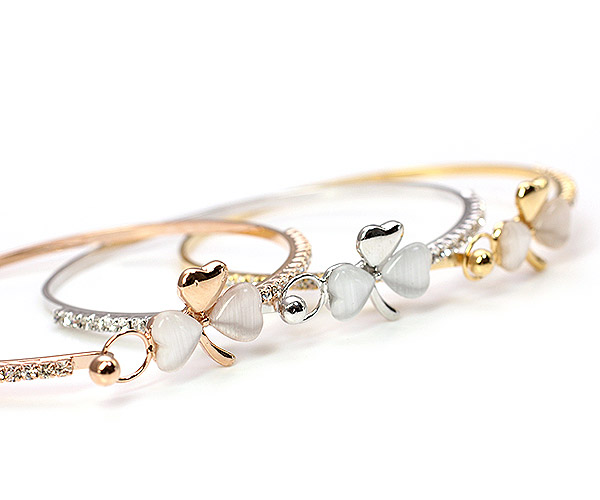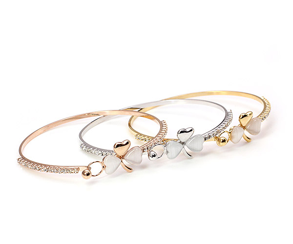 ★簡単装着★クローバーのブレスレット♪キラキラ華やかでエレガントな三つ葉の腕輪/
══════════
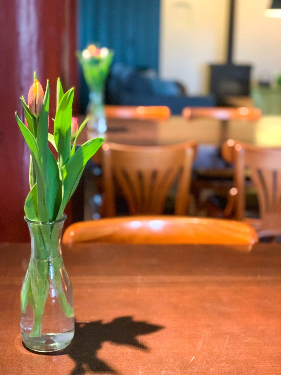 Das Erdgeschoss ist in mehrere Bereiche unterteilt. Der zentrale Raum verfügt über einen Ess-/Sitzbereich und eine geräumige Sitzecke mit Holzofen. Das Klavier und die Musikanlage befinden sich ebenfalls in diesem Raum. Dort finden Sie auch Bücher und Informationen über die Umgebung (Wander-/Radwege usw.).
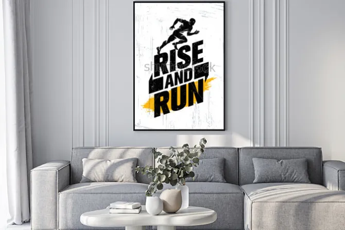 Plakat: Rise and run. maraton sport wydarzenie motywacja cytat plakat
══════════
## Task objective
Above are records; repeat only the lines from the line with "Das Erdgeschoss ist" through the line with "Plakat: Rise and", and leave pictures out.

## Output
 Das Erdgeschoss ist in mehrere Bereiche unterteilt. Der zentrale Raum verfügt über einen Ess-/Sitzbereich und eine geräumige Sitzecke mit Holzofen. Das Klavier und die Musikanlage befinden sich ebenfalls in diesem Raum. Dort finden Sie auch Bücher und Informationen über die Umgebung (Wander-/Radwege usw.).
 Plakat: Rise and run. maraton sport wydarzenie motywacja cytat plakat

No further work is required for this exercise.